« Ça s’est passé vers une heure du matin, j’ai entendu les pompiers et des gens qui couraient », raconte un habitant du 3e arrondissement de Paris. Dans la nuit de mercredi à jeudi, un groupe d’individus a mis le feu à des scooters en deux endroits dans ce quartier aisé. L’un, rue des Coutures Saint-Gervais, à côté du Musée Picasso, dont les rez-de-chaussée sont occupés par de nombreux galeristes. L’autre, rue Pastourelle, à proximité de l’hôtel particulier où avait élu domicile la « Star ac’ », l’ancien divertissement phare de TF1. Le quartier, situé dans le Marais, est réputé pour son calme, du moins la nuit, et son cadre de vie.

« L’immeuble a bien morflé », lance un badaud passant rue des Coutures-Saint-Gervais, choqué par la vision d’une dizaine de scooters calcinés, dont il ne reste que les carcasses collées au bitume par la chaleur de l’incendie. La façade de l’immeuble au pied des scooters détruits par les incendiaires est noire charbon. Parant au plus pressé, des habitants nettoient leurs fenêtres recouvertes de suie.

« Ça a été rapide, les flammes sont montées très vite », témoigne la gérante d’une galerie. Les flammes ont léché les vitrines et les murs qui, hier après-midi, avaient un aspect craquelé. Les pompiers ont répandu sur le sinistre une matière qui ressemble à de la terre rouge afin d’étouffer le feu.

Rue Pastourelle, des ouvriers équipés de mètres prennent des mesures des fenêtres de l’immeuble touché par les flammes. Des personnes en costume, elles, établissent des devis pour estimer le coût des dégâts, à l’intention des assurances. « Personne n’a chômé, dit l’une des résidentes de l’immeuble. La police est venue quatre fois cette nuit. » A côté d’elle, la gardienne de l’immeuble, qui semble informée de l’enquête, lance a une assemblée qui contemple ce spectacle de désolation : « La police en a déjà chopé un (des incendiaires). » Elle ne dira pas plus…

Ici comme rue des Coutures-Saint-Gervais, distantes de deux cents mètres seulement, des scooters ont fondu comme des bougies.
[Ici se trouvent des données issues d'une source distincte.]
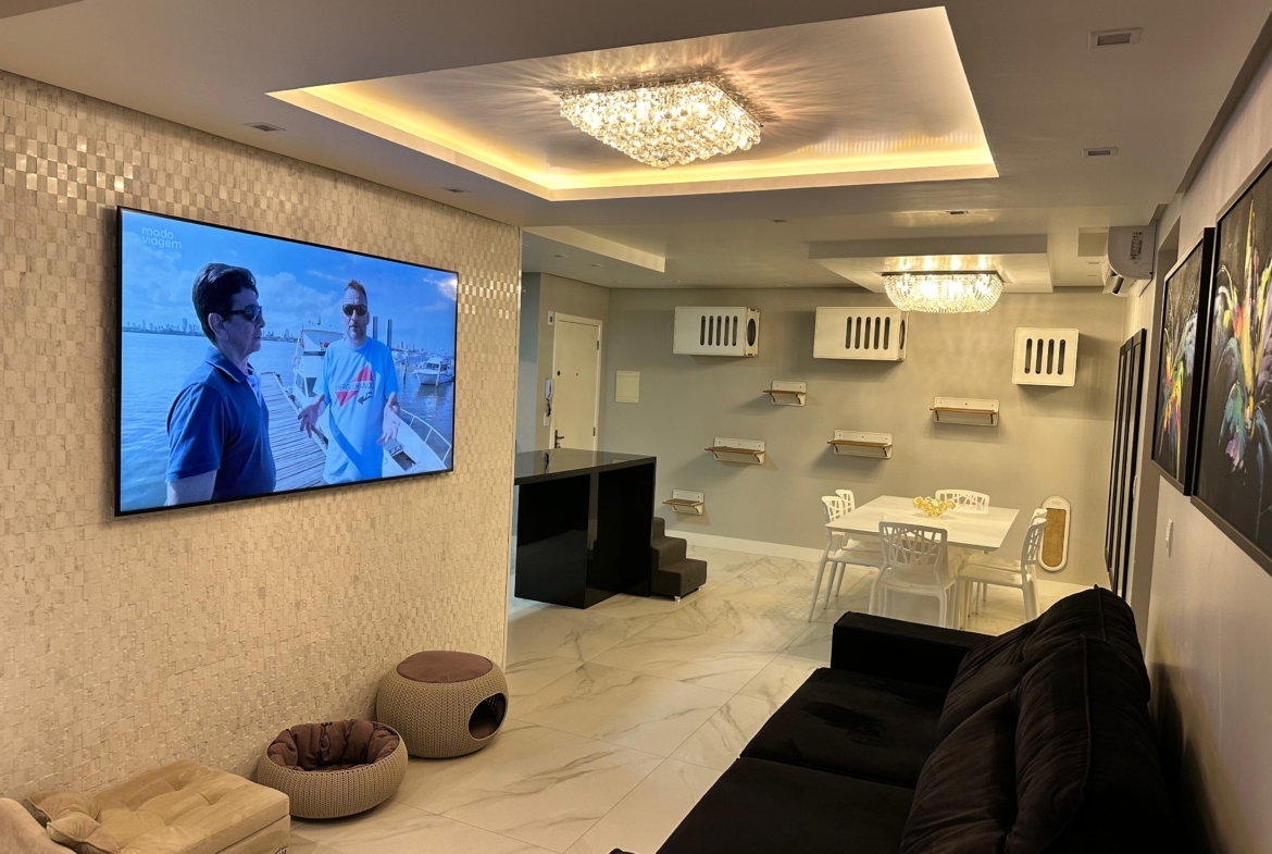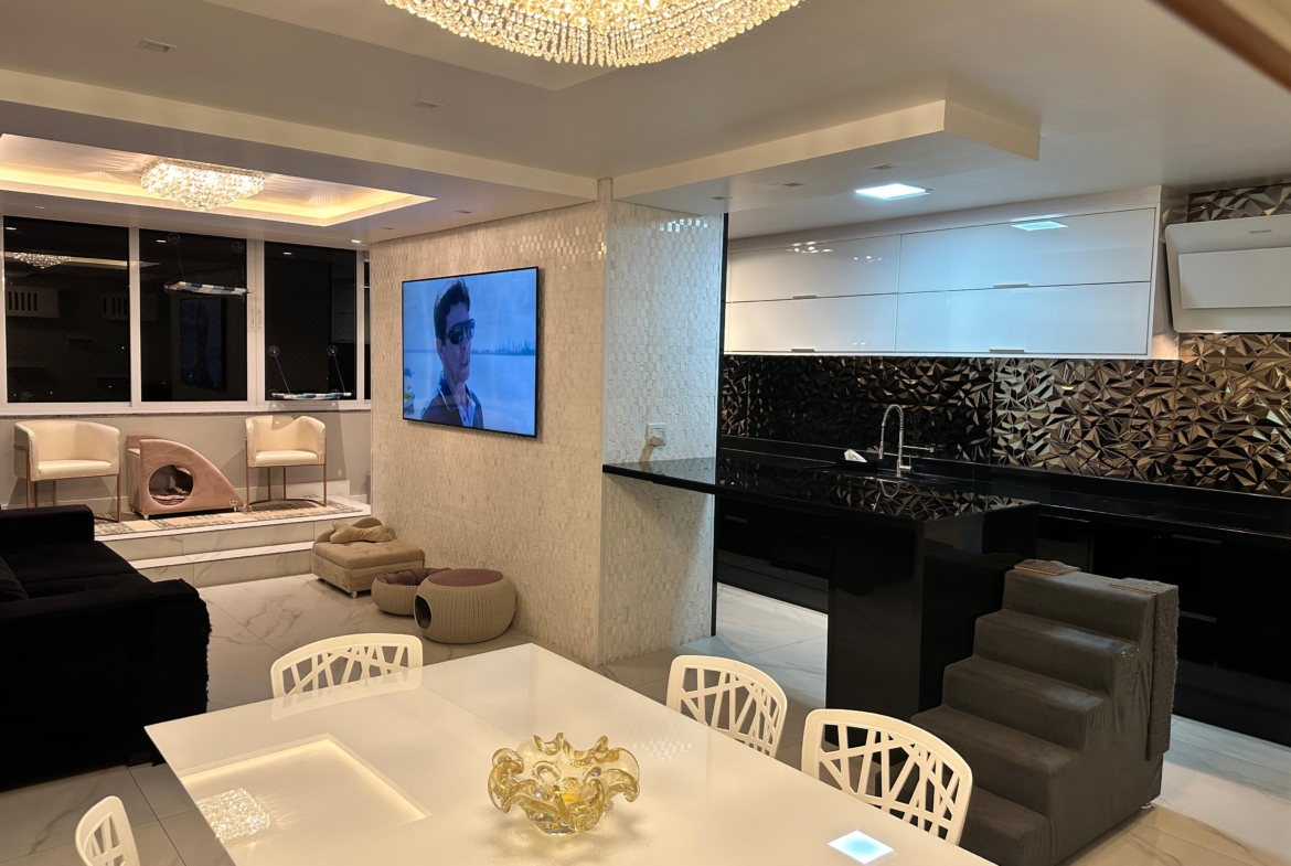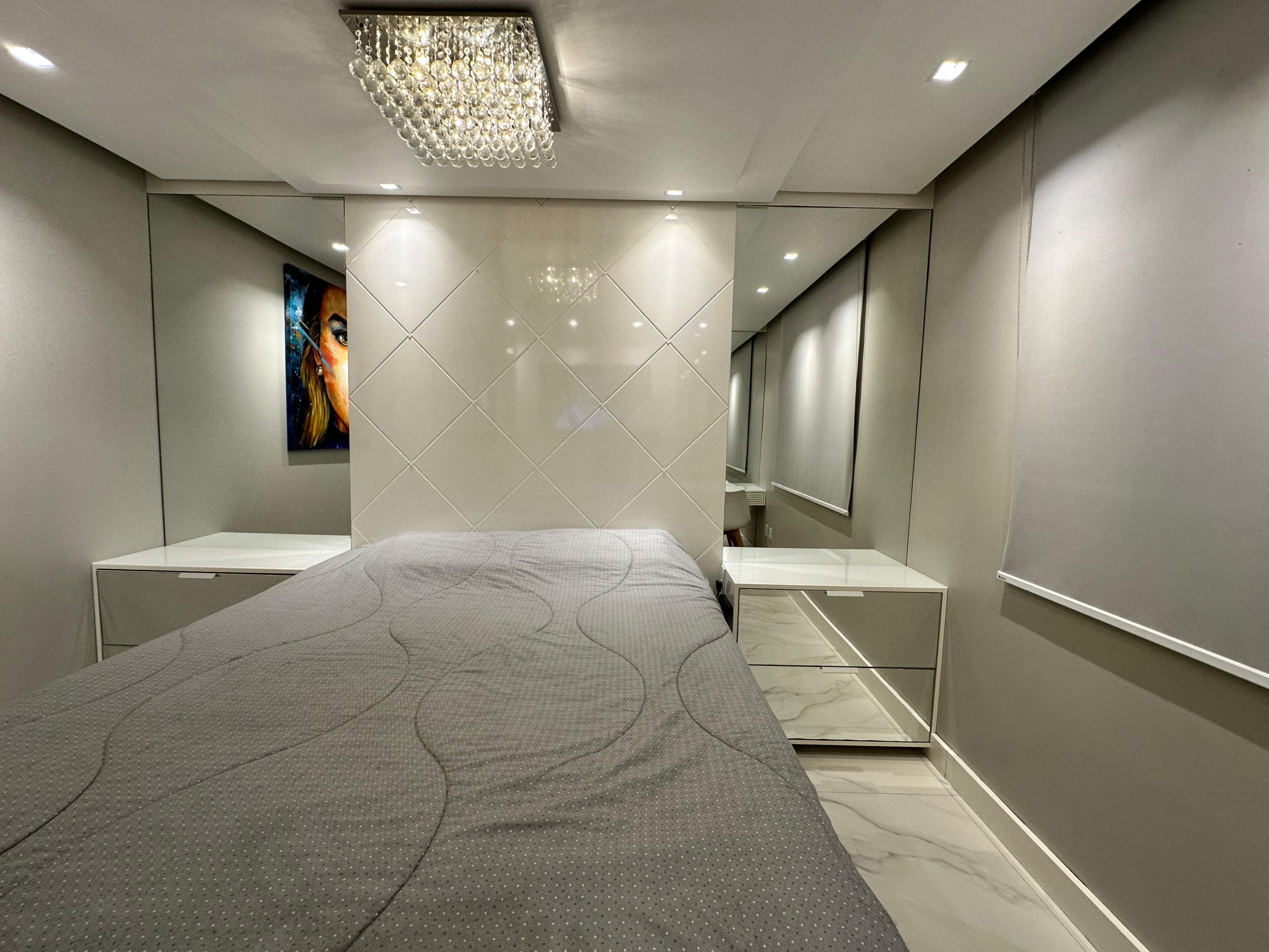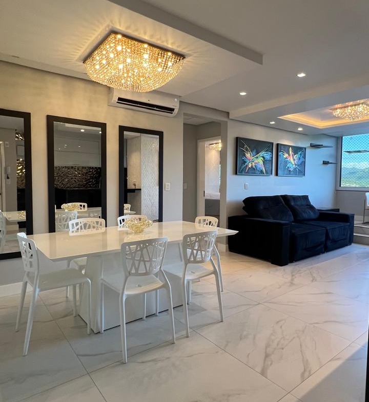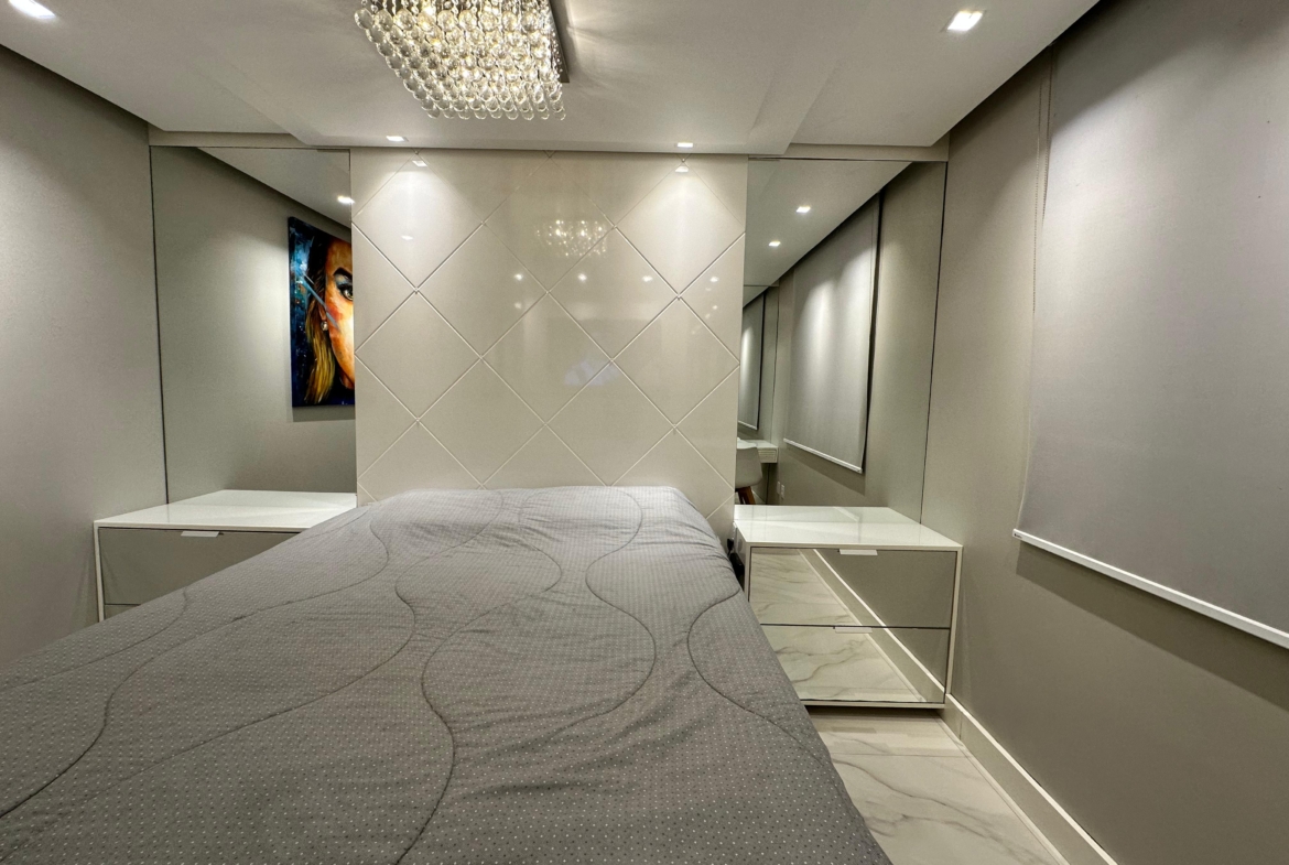 Impecável apartamento no Vale Real com fino acabamento no Bairro Morro Paris. Apartamento com 2 vagas de garagem. Possui ampla área de viver com sala e cozinha conjugada, ambientes mobiliados, planejados e lindamente decorados, ficam móveis sob medida em todos os ambientes, possui também revestimento em porcelanato como parede da sala, parte da cozinha, na churrasqueira e no banheiro. Todo em piso porcelanato, gesso e distribuição luminotécnica em todo o apartamento. São 2 dormitórios e banheiro social, um dos dormitórios foi transformado para um closet. Fica também eletro (solicite mais informações). A vista do apartamento é de tirar o folego.

La façade de l’immeuble s’en sort toutefois un peu mieux que celle donnant sur le Musée Picasso : « Il n’y a pas eu d’appel d’air, vous comprenez ? » explique un habitant du lieu. Il continue : « C’était vers minuit et demi. Des individus avec des capuches. Ils se sont pris directement aux deux-roues sur le parking. »

Deux hommes, toujours rue Pastourelle, ont une discussion animée sur l’utilité ou non des caméras de surveillance, dont le quartier à cet endroit est apparemment dépourvu. « C’est très dangereux. Vous imaginez, ça aurait pu causer des dégâts mortels, une voiture a vite fait d’exploser. En plus, c’est à côté de la cache d’électricité… », relève l’un d’eux sans terminer sa phrase, comme s’il s’imaginait un enchaînement fatal.
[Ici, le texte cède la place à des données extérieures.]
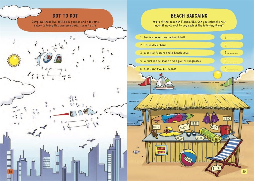 With over 80 puzzles to complete, readers can spot the differences between two island scenes, match up pairs of surfboards in the sand and fill in a seashell sudoku. Kids can also put their brain-power to the test with mind-bending mazes, dot-to-dots, travel-themed quizzes and much more.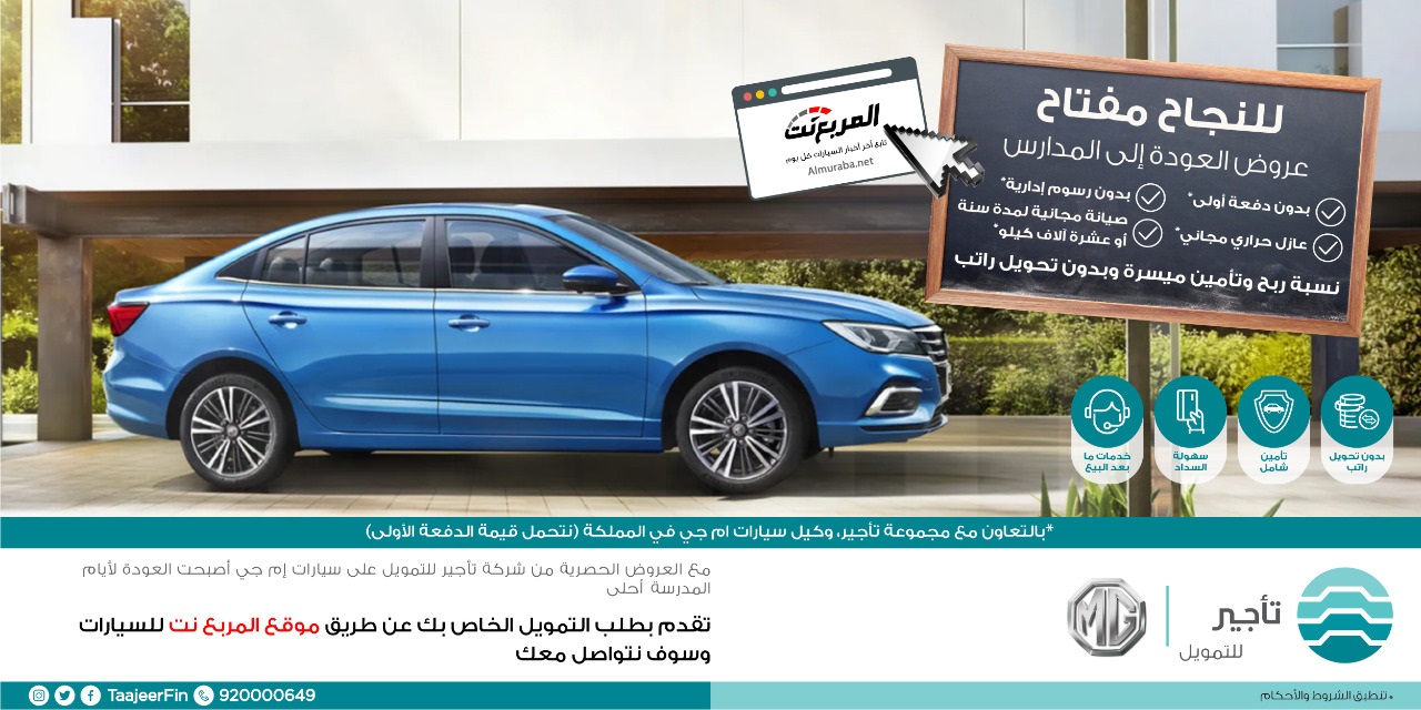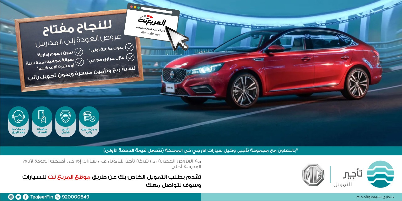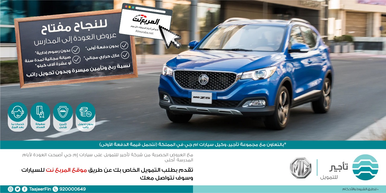 المربع نت – تمتع بأفضل عروض السيارات من شركة تأجير للتمويل، بالتعاون مع مجموعة تأجير وكيل سيارات إم جي في المملكة (نتحمل قيمة الدفعة الأولى).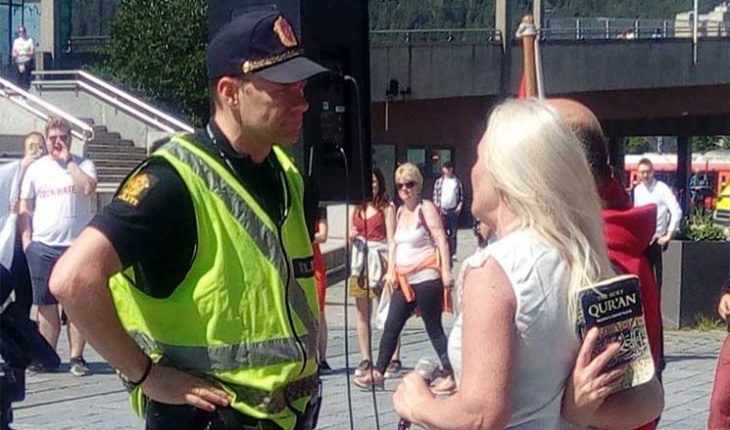 وهج 24 : قامت رئيسة مجموعة “أوقفوا أسلمة النرويج” اليمينية، أنّا براتن، برمي نسخة من القرآن الكريم أرضا، وإهانة المسلمين، خلال مظاهرة معادية للإسلام، في مدينة درامن النرويجية.
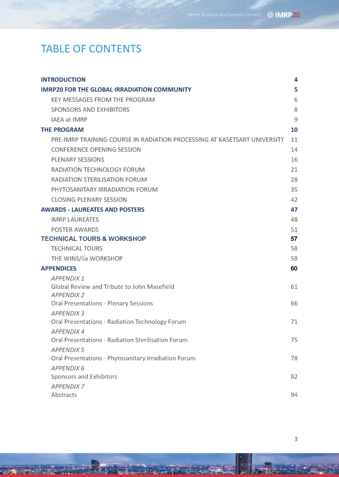 This new publication captures the highlights and key messages for IMRP and summarises the program content. Additionally, the Appendices contain links to many of the oral presentations given by many eminent members of iia and the irradiation community.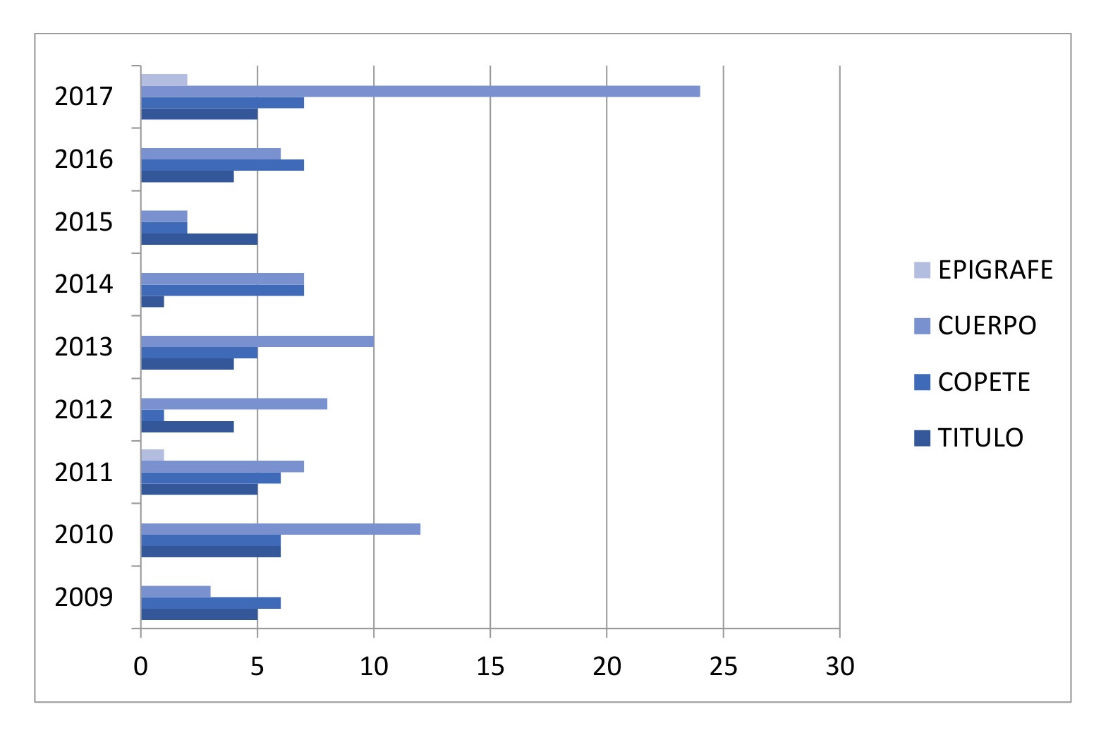 Estos datos no son suficientes para responder a estas preguntas. Se analizó, entonces, la jerarquía de la frecuencia de aparición dentro de la estructura del artículo.

L’habitant de l’immeuble intervient de façon à être entendu par les personnes présentes sur les lieux : « Ça y est, on nous attaque ! Nous ne sommes plus le 75-3, mais dans 9-3 ! » Il sort une cigarette de son paquet, l’allume et poursuit : « La cache d’essence du scooter n’est pas aussi bien protégée que la cache d’essence d’une voiture. C’est facile de l’ouvrir et de balancer une flamme dedans. Regardez l’état de la porte d’entrée, elle a tenu le coup. C’est une porte à l’ancienne. » A propos des policiers, il ajoute : « Ils ont fait un bon boulot, rapide, efficace. »
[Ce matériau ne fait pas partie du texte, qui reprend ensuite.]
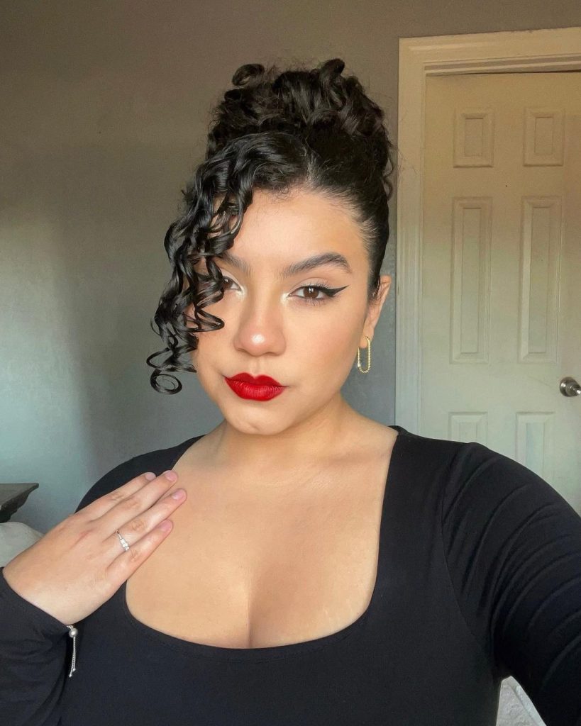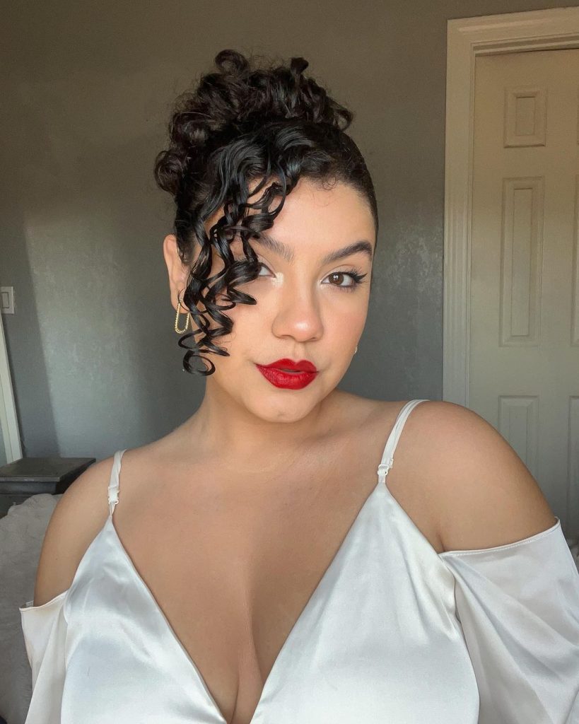 For a romantic and soft look, try sweeping your curls to one side. It’s a perfect option for a night out or a formal event.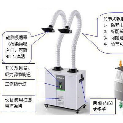 ◆机器配以万向吸烟臂,可随意变向、定位(长度可根据客户要求定制)。端部装以大口径集烟罩,造型独特,吸烟效率更高。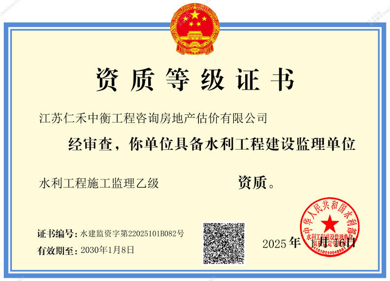 - 水利工程施工監理乙級證書

Une dame âgée qui tient un petit chien en laisse, s’approche, elle n’est au courant de rien. Elle veut savoir. L’habitant ne se fait pas prier pour lui répondre. Après lui avoir tout raconté de nouveau, il fait part de cette considération : « La mixité sociale n’est pas bonne. La preuve, elle n’apporte que jalousie. Je brûle ton bien parce que tu n’es qu’un bobo égoïste. Il n’y a pas d’autres explications de mon point de vue. Nous sommes trop laxistes. Déjà qu’il y a eu un incident de la même sorte en mai dernier. Ils ont essayé d’ouvrir la porte du parking de l’immeuble pour rendre visite aux voitures. Heureusement pour nous, la porte ne fonctionnait pas. »

« J’espère que l’assurance va rembourser vite. Oh là là, ma moto, c’était mon outil de travail. Je vais me coltiner les transports pour minimum trois semaines », désespère un homme dont le deux-roues est parti en flammes.